Mais c’est en politique que le retour des francs-maçons est le plus spectaculaire à Lyon. En effet, quand Michel Noir était maire de Lyon au début des années 90, Jean-François Mermet, son 1er adjoint centriste, était un des rares adjoints francs-maçons du conseil municipal. En dehors de quelques élus qui se distingueront plutôt par leur affairisme comme Christian Bonnefond, son adjoint aux sports, qui finira exclu de la Grande loge nationale française après avoir été condamné pour abus de confiance.
Jusqu’en 2001, sous le mandat de Raymond Barre, les francs-maçons ne sont pas plus nombreux, à part André Soulier, un vieux “frangin” membre de la loge Union et Liberté du Grand Orient et ils étaient plus rares à s’afficher. Mais quand Gérard Collomb sera élu en 2001, ce jeune franc-maçon, initié quelques années plus tôt, va encourager ses adjoints francs-maçons à se dévoiler en donnant lui-même l’exemple. Et dans sa nouvelle équipe qui vient d’être élue, c’est encore plus spectaculaire puisque 7 des 21 adjoints au maire sont francs-maçons. Soit 30 %, alors que les francs-maçons représentent moins de 0,2 % de la population. Et encore, c’est un minimum car certains élus font très attention à ne pas être “outés”. De plus, sur l’ensemble des 73 conseillers municipaux, ils seraient aujourd’hui pas moins d’une quinzaine.



“Pas encore”
Et c’est d’autant plus frappant que l’essentiel de ces francs-maçons ne faisait pas partie du précédent conseil municipal. Ce qui souligne que le renouvellement est bien réel. Exemple avec Heidi Giovacchini, 2e adjointe aux droits des citoyens, directrice d’un groupe de cliniques privées et membre de la Grande loge féminine (voir portrait), mais aussi Marie-Odile Fondeur, responsable de salons à Eurexpo, qui est aujourd’hui adjointe chargée des ressources humaines ou encore Georges Kepenekian, chirurgien urologue à l’hôpital Saint-Joseph, figure de la cause arménienne et nouvel adjoint à la culture de Collomb.

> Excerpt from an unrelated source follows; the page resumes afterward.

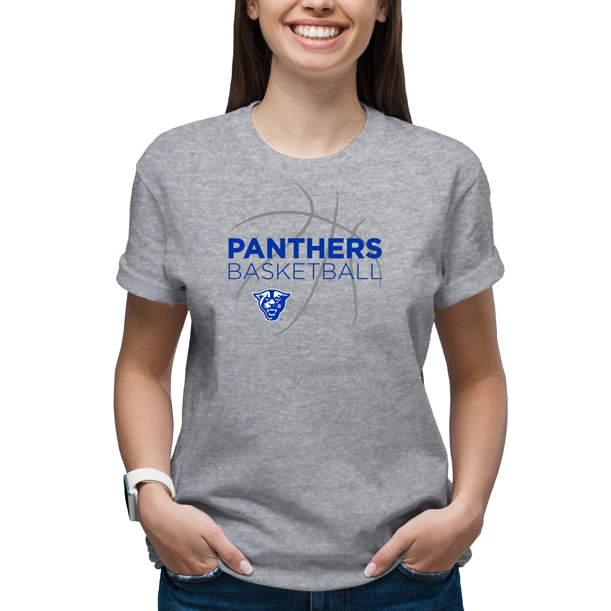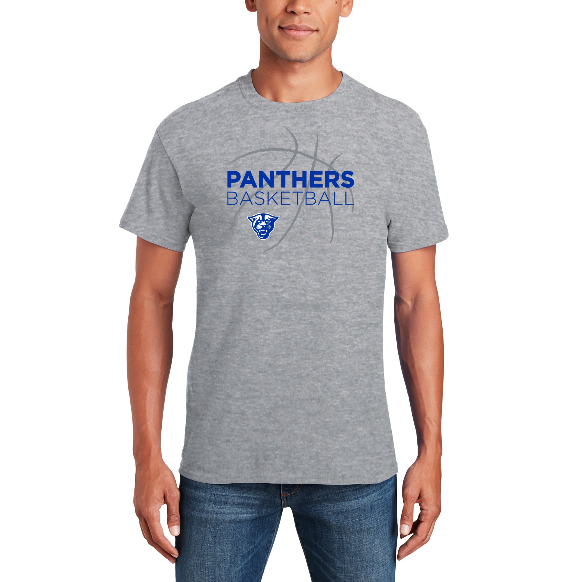 Georgia State University Panthers Basketball Sketch Basic Cotton Short Sleeve T Shirt - Sport Grey

Des nouveaux venus au conseil municipal qui sont un peu agacés d’être déjà “dévoilés”. D’ailleurs, les questions insistantes de Lyon Mag pour réaliser cette enquête ont semé la panique. “Je suis trop occupé pour vous répondre”, expliquera, par exemple, Georges Kepenekian. Et plusieurs élus qui avaient accepté d’être interviewés ont tout annulé au dernier moment. Une réunion de concertation a même été organisée en urgence à la mairie pour fixer “une stratégie de communication” sur ce sujet sensible.
De plus, certains francs-maçons qui étaient déjà dans l’équipe Collomb ont été initiés récemment comme l’écologiste Gilles Buna, adjoint chargé de l’urbanisme. Enfin, on retrouve toujours dans ce conseil municipal des francs-maçons historiques comme Jean-Louis Touraine, 1er adjoint, Thierry Braillard, adjoint aux sports, et Jean-Michel Daclin, chargé de l’international. Et il ne faut pas oublier les collaborateurs de Collomb, comme Michel Chomarat, son conseiller aux minorités. Les francs-maçons sont également bien représentés parmi les conseillers municipaux avec par exemple Christian Coulon, réélu maire du 8e mais aussi de nouveaux élus comme Roland Bernard, président d’un syndicat hôtelier. Sans oublier un certain nombre d’élus comme Michel Le Faou, qui devrait être le nouveau président de la Sacvl, la société d’économie mixte qui gère les logements sociaux de la ville de Lyon.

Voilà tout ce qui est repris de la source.